**Try it**
Upon reaching the line that contains "畳の上で、可愛らしいウサギと" in the records below, begin repeating every line exactly through the last one, skipping pictures.

**Excerpts from a dataset**
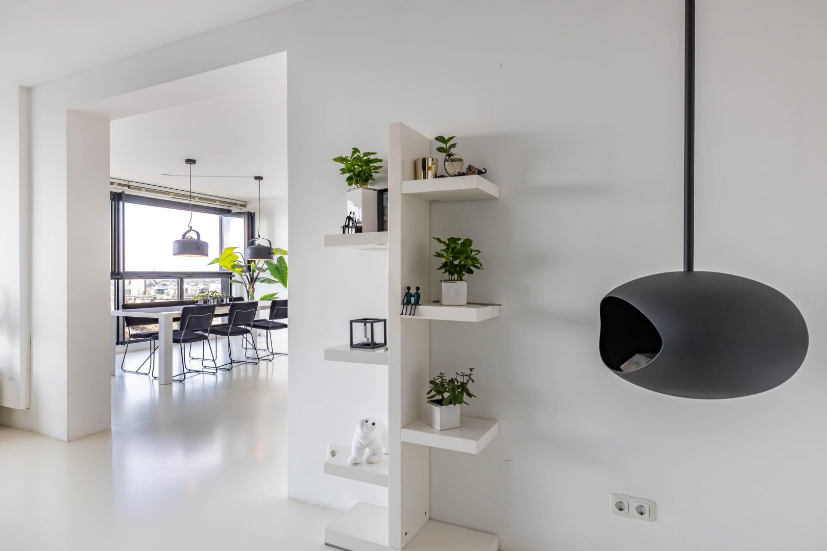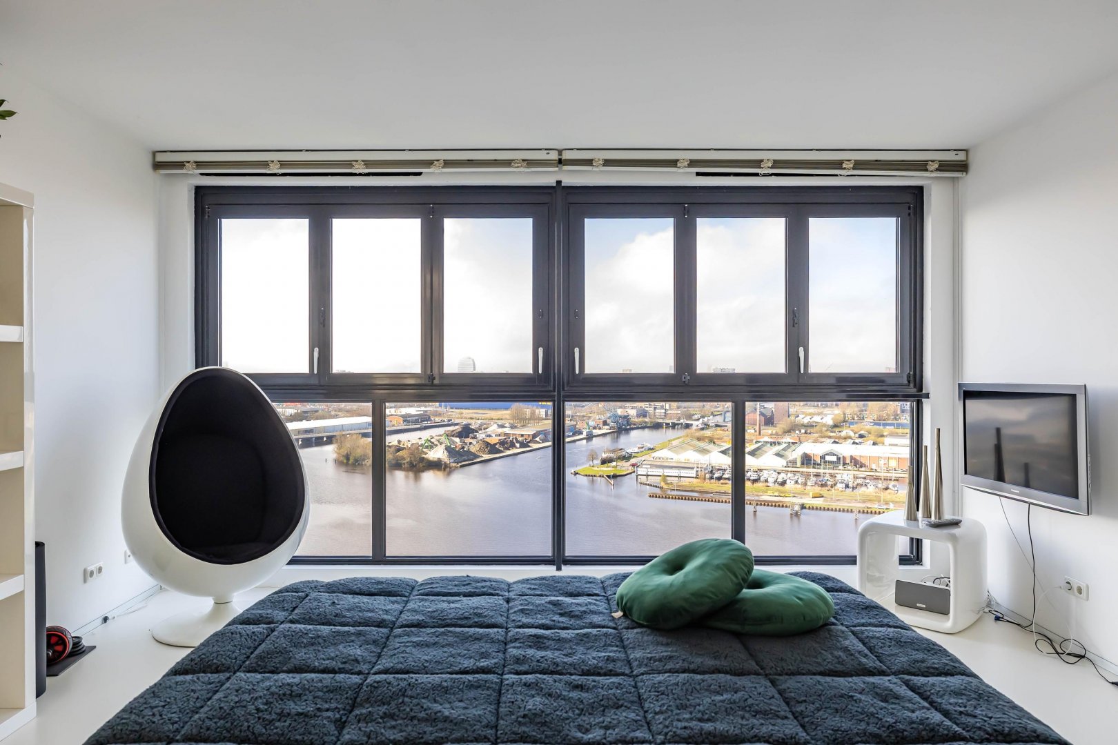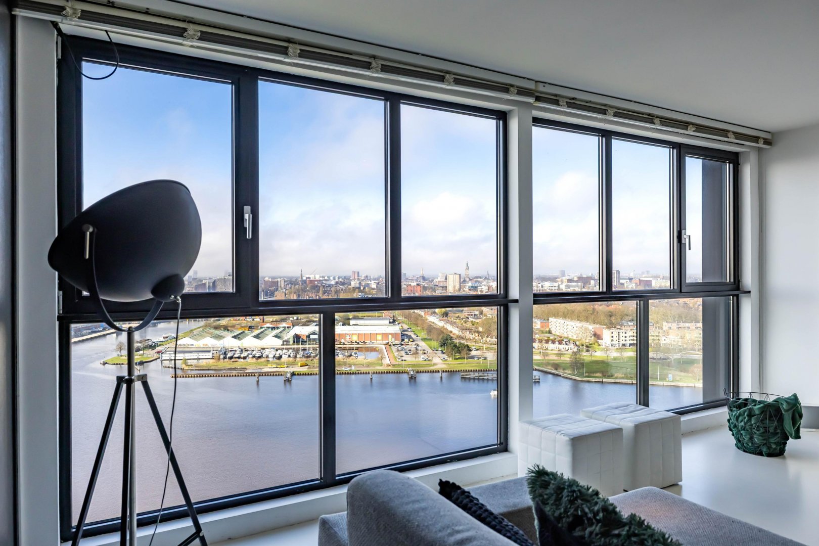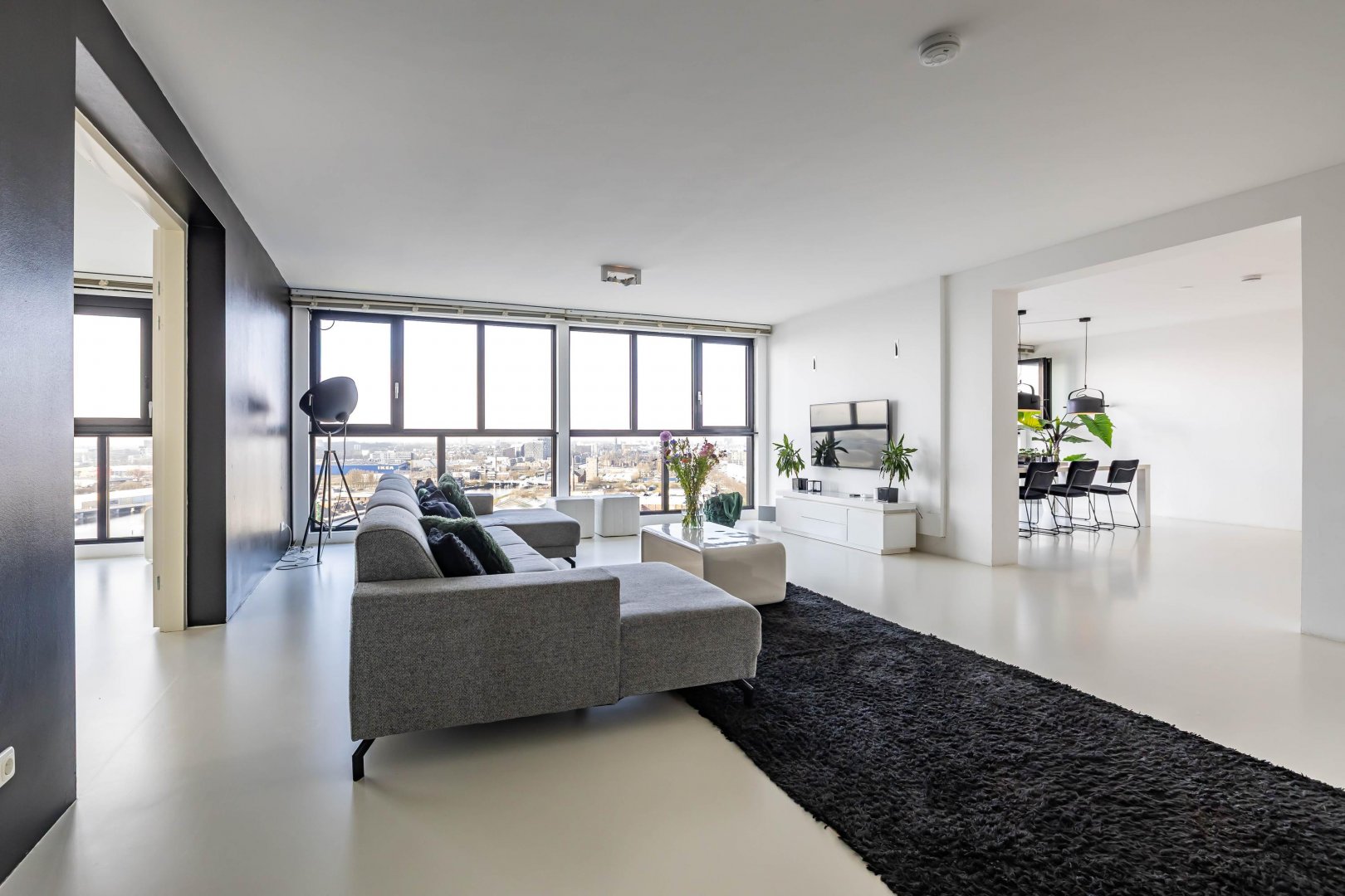 Via elegante taatsdeuren betreedt u de royale woonruimte, waar direct het indrukwekkende uitzicht over Groningen de aandacht grijpt. De woonkamer en keuken vormen samen een harmonieus geheel, badend in natuurlijk licht dankzij de grote raampartijen. Wat deze ruimte extra bijzonder maakt, zijn de harmonicaramen aan de bovenzijde, die zich openen tot een inpandig balkon—een subtiele, maar onweerstaanbare manier om buiten naar binnen te halen. Hier voelt u de frisse lucht, hoort u de stad op afstand en ervaart u een ongekende vrijheid, hoog boven het maaiveld.
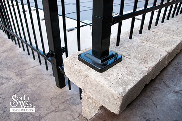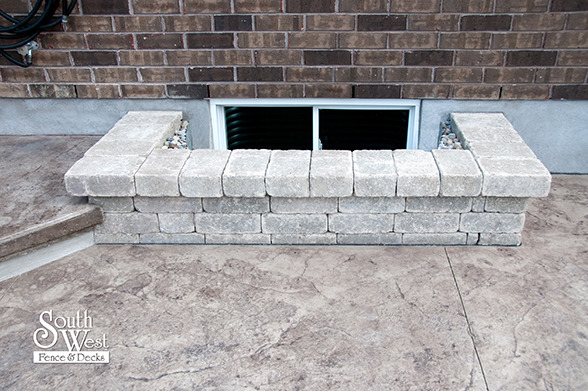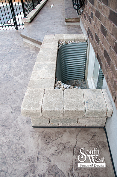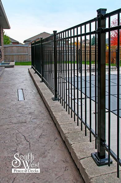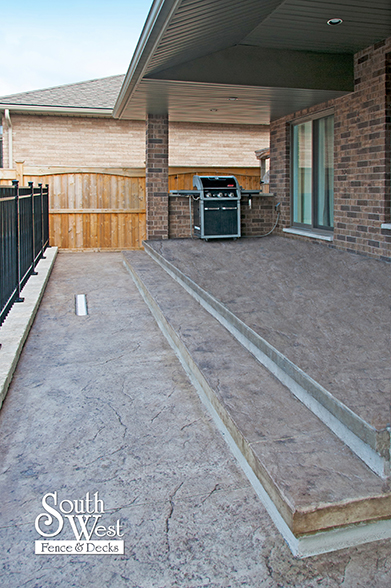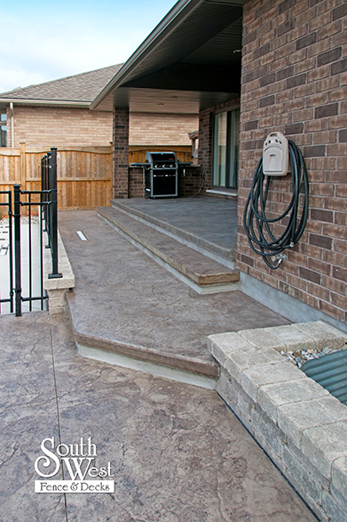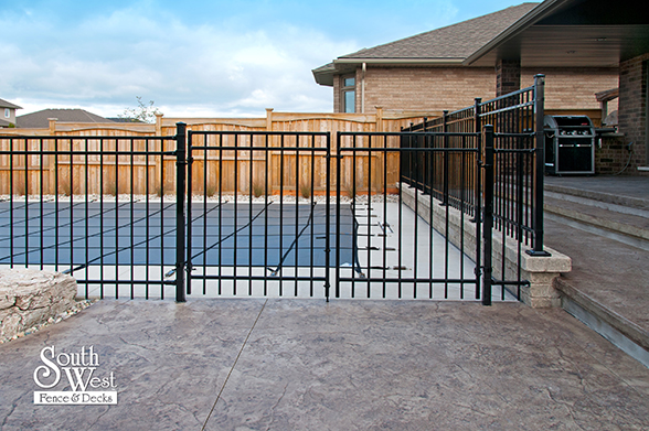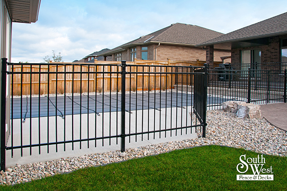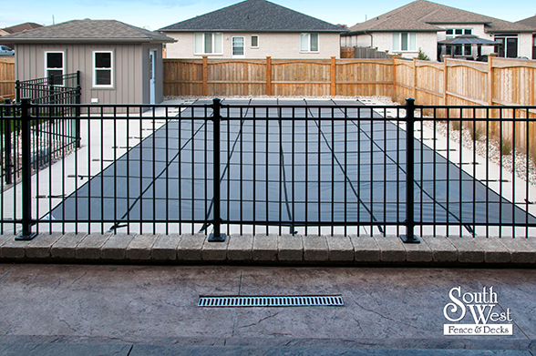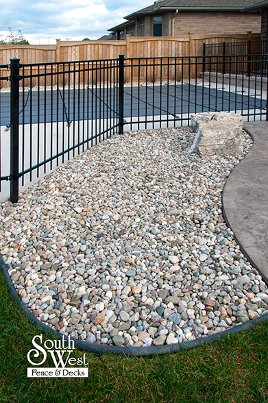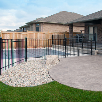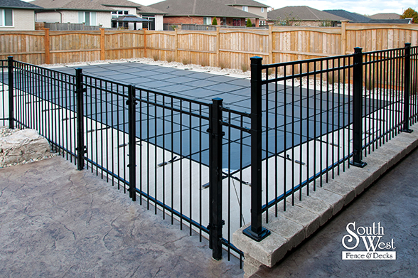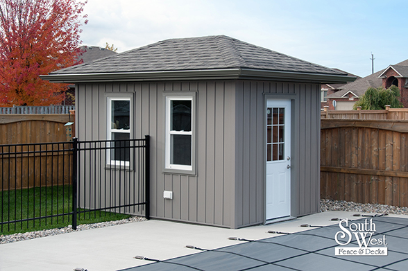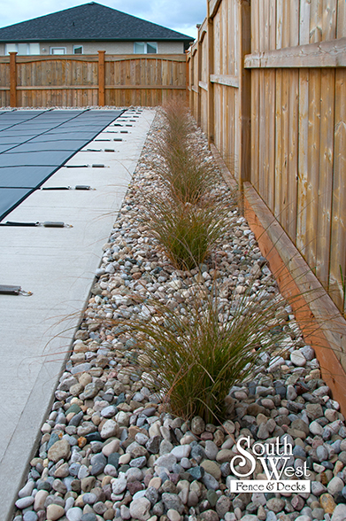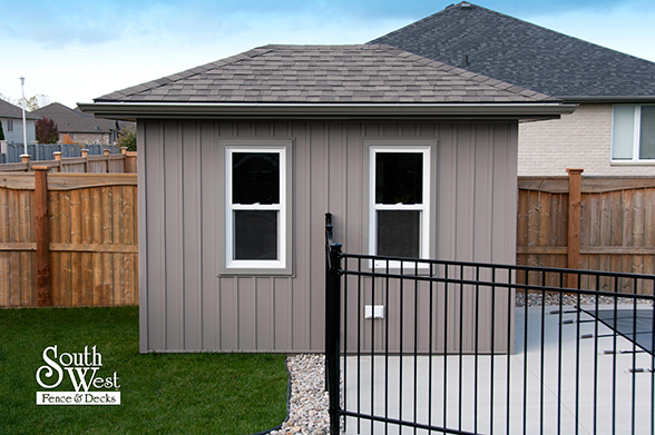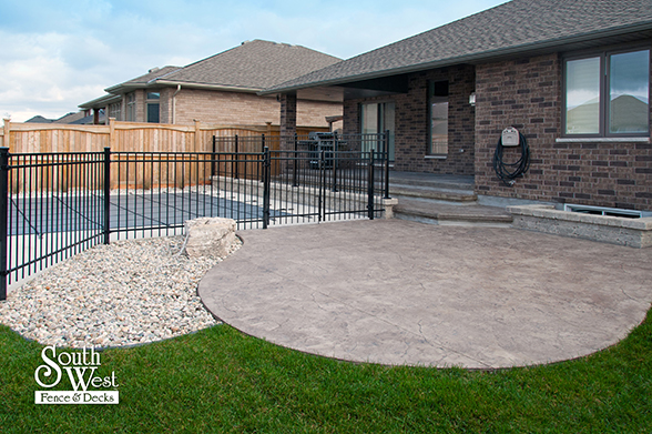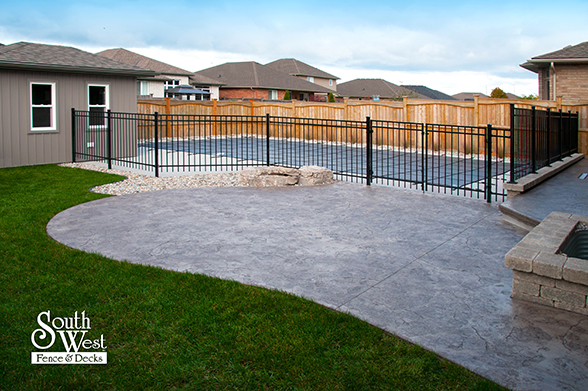 This week’s feature ‘Complete Backyard’ project designed and installed by South West Fence & Decks includes a 15 x 30 rectangular pool with broom-finished concrete deck and coping, stamped concrete patio, walkway and steps, stone retaining wall/window well, board and batten shed, ornamental rod iron fence with double gate, and landscaping.
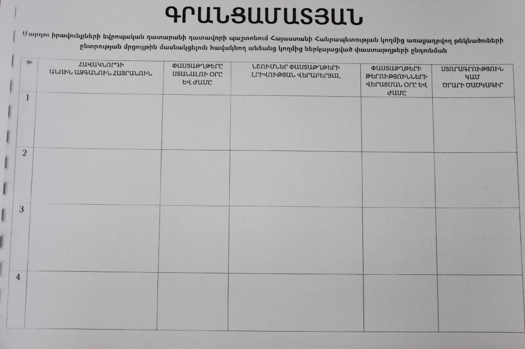 ՄԻԵԴ դատավորի պաշտոնում ՀՀ կողմից առաջադրվող թեկնածուների ընտրության մրցույթին մասնակցելուն հավակնող անձանց կողմից ներկայացված փաստաթղթերի ընդունման գրանցամատյանի լուսապատճենը:
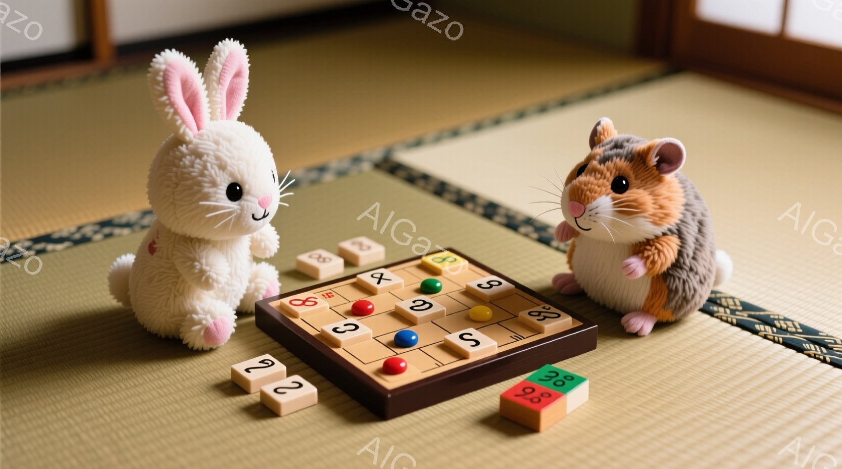 畳の上で、可愛らしいウサギとリスのぬいぐるみがお座りになっています。二つのぬいぐるみは将棋盤の前に座り、将棋の駒がいくつか並んでいます。背景は落ち着いた畳の部屋で、全体的に温かく、遊び心のある雰囲気が漂っています。
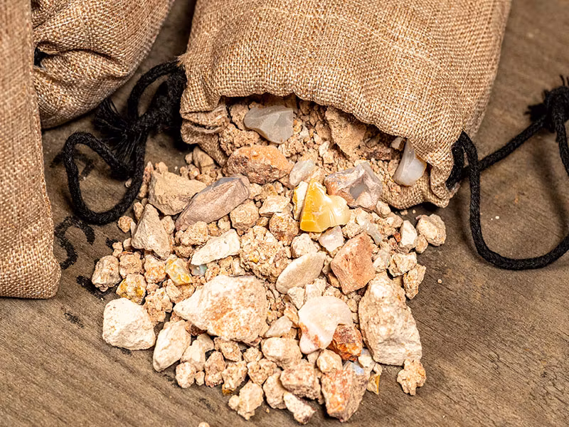 Varje påse innehåller spårmängder av opal från området White Cliffs, NSW .
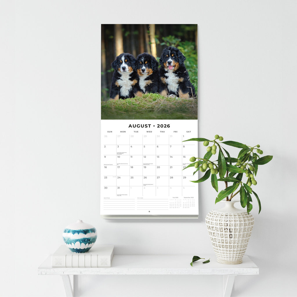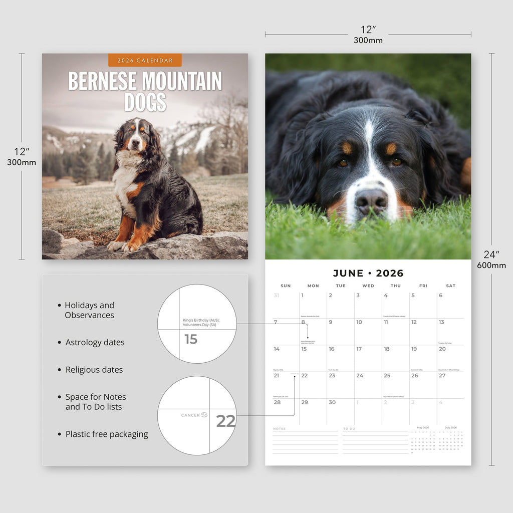 Packaged in a 100% plastic-free, sustainable, FSC-certified envelope, this 2026 Bernese Mountain Square Wall Calendar from Red Robin Publishing Ltd includes 12 months plus 4 bonus months, providing extended planning and a full year of enjoyment. .
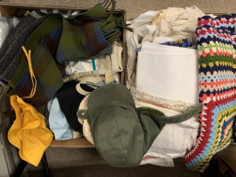 LINEN & CLOTHING including Lecturer's robe by Ede & Ravenscroft, vintage boating blazer and other items
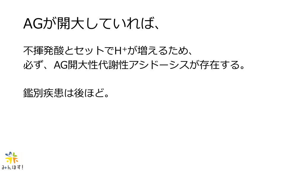 #49. AGが開大していれば、 不揮発酸とセットでH+が増えるため、 必ず、AG開大性代謝性アシドーシスが存在する。 鑑別疾患は後ほど。
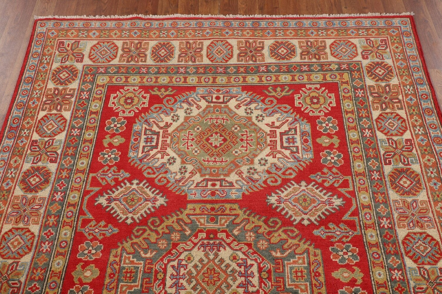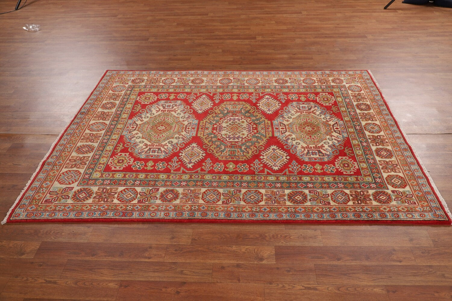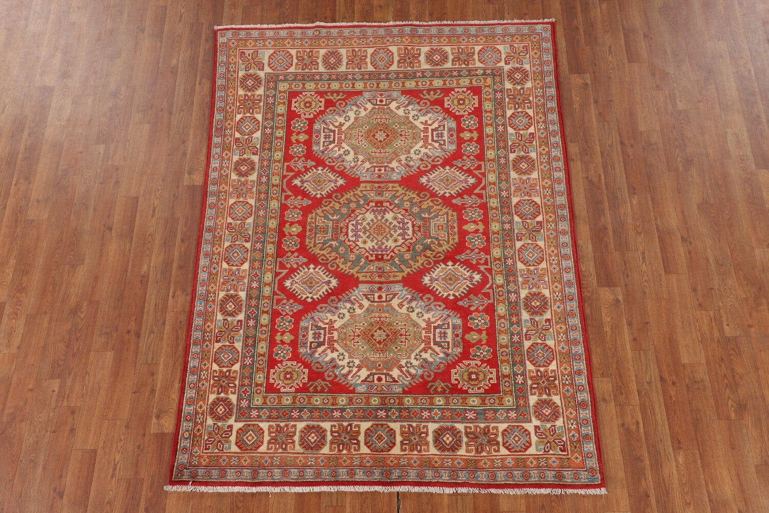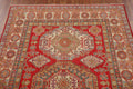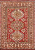 A Beautiful Genuine Pakistan Kazak rug is Hand Knotted by skillful weavers in Pakistan with 100% Wool Material. This rug is in New, First Quality condition. dimensions are 6' 7'' X 4' 9'' in foot and 201 X 145 in centimeter. the primary color is Red.
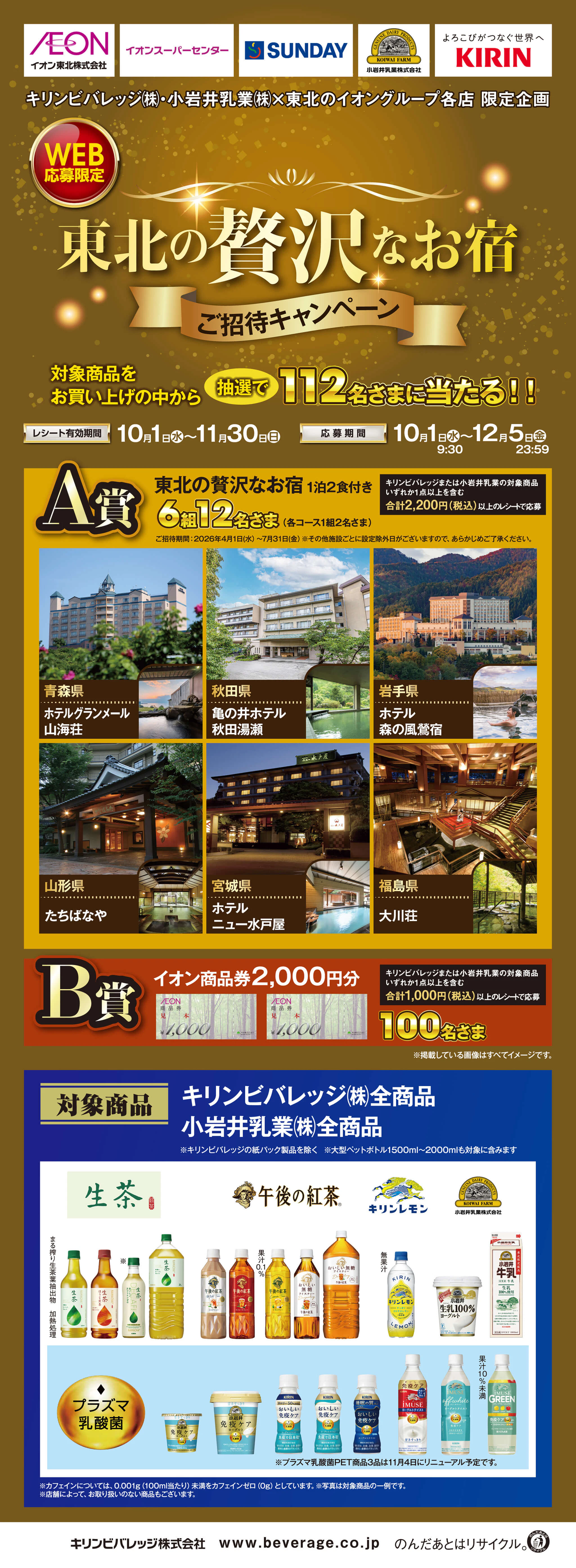キリンビバレッジ㈱、小岩井乳業㈱ 全商品(※キリンビバレッジの紙パック製品を除く)

**Task response**
 畳の上で、可愛らしいウサギとリスのぬいぐるみがお座りになっています。二つのぬいぐるみは将棋盤の前に座り、将棋の駒がいくつか並んでいます。背景は落ち着いた畳の部屋で、全体的に温かく、遊び心のある雰囲気が漂っています。
 Varje påse innehåller spårmängder av opal från området White Cliffs, NSW .
 Packaged in a 100% plastic-free, sustainable, FSC-certified envelope, this 2026 Bernese Mountain Square Wall Calendar from Red Robin Publishing Ltd includes 12 months plus 4 bonus months, providing extended planning and a full year of enjoyment. .
 LINEN & CLOTHING including Lecturer's robe by Ede & Ravenscroft, vintage boating blazer and other items
 #49. AGが開大していれば、 不揮発酸とセットでH+が増えるため、 必ず、AG開大性代謝性アシドーシスが存在する。 鑑別疾患は後ほど。
 A Beautiful Genuine Pakistan Kazak rug is Hand Knotted by skillful weavers in Pakistan with 100% Wool Material. This rug is in New, First Quality condition. dimensions are 6' 7'' X 4' 9'' in foot and 201 X 145 in centimeter. the primary color is Red.
キリンビバレッジ㈱、小岩井乳業㈱ 全商品(※キリンビバレッジの紙パック製品を除く)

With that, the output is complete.